ASSIGNMENT => Would you repeat the whole listing exactly, pictures excluded?

EXERCISE DATA =>

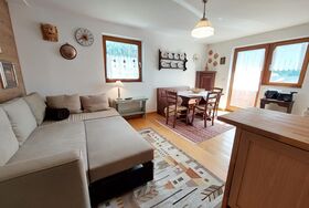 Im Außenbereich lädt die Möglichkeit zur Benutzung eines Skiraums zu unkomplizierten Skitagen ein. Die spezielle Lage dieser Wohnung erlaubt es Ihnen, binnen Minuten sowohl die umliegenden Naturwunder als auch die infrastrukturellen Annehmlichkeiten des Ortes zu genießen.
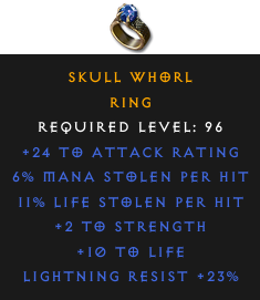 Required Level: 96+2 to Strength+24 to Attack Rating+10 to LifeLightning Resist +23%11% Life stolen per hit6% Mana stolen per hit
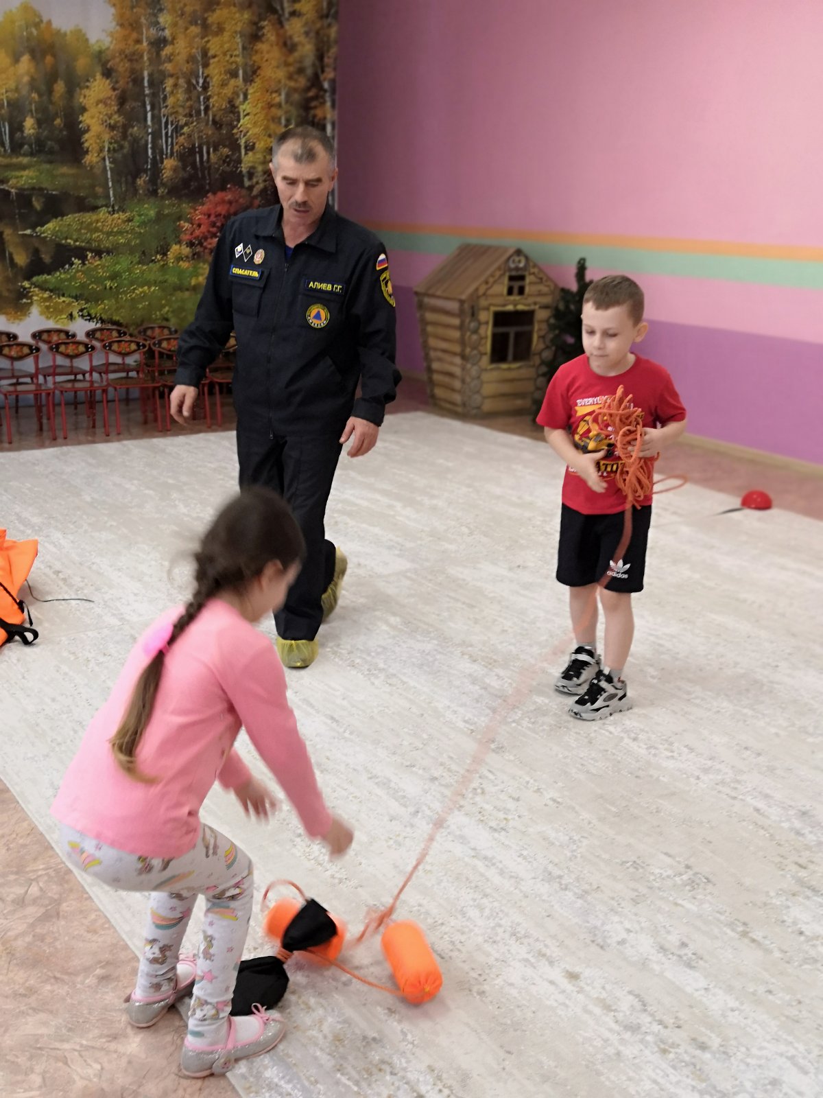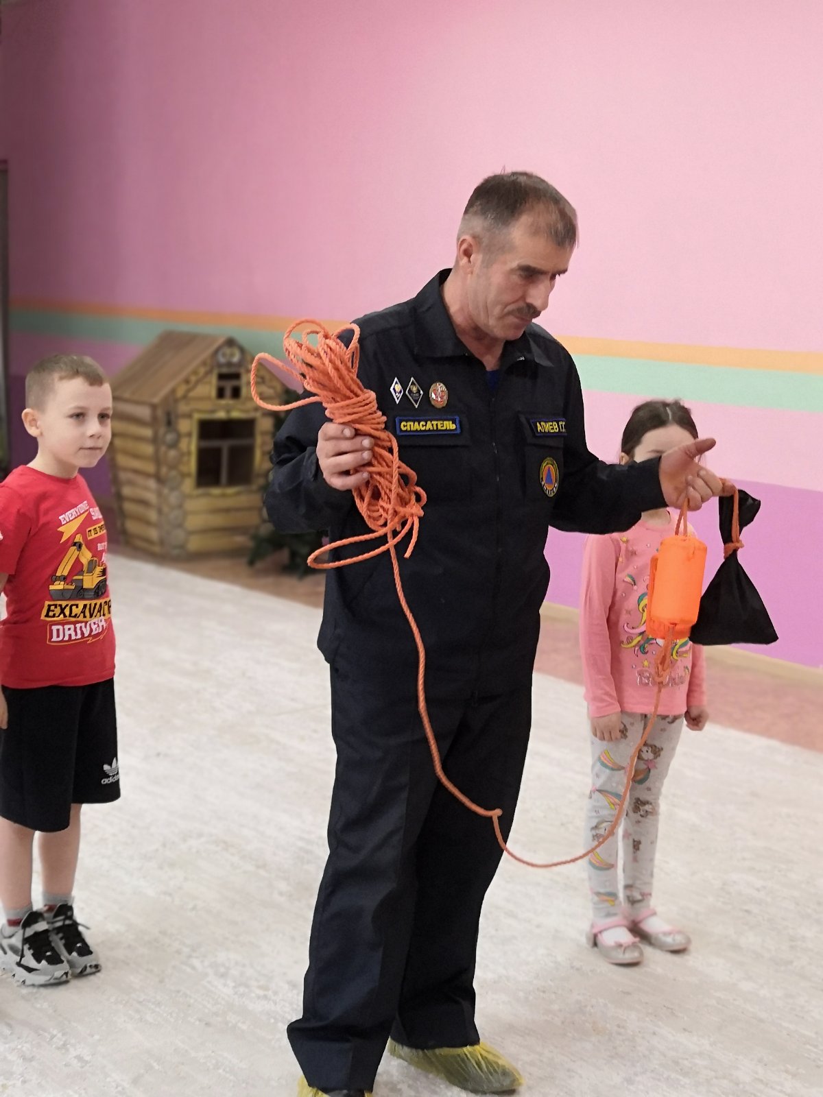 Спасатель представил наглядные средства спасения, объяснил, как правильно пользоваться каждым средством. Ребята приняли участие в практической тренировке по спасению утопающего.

WRITTEN SOLUTION =>
 Im Außenbereich lädt die Möglichkeit zur Benutzung eines Skiraums zu unkomplizierten Skitagen ein. Die spezielle Lage dieser Wohnung erlaubt es Ihnen, binnen Minuten sowohl die umliegenden Naturwunder als auch die infrastrukturellen Annehmlichkeiten des Ortes zu genießen.
 Required Level: 96+2 to Strength+24 to Attack Rating+10 to LifeLightning Resist +23%11% Life stolen per hit6% Mana stolen per hit
 Спасатель представил наглядные средства спасения, объяснил, как правильно пользоваться каждым средством. Ребята приняли участие в практической тренировке по спасению утопающего.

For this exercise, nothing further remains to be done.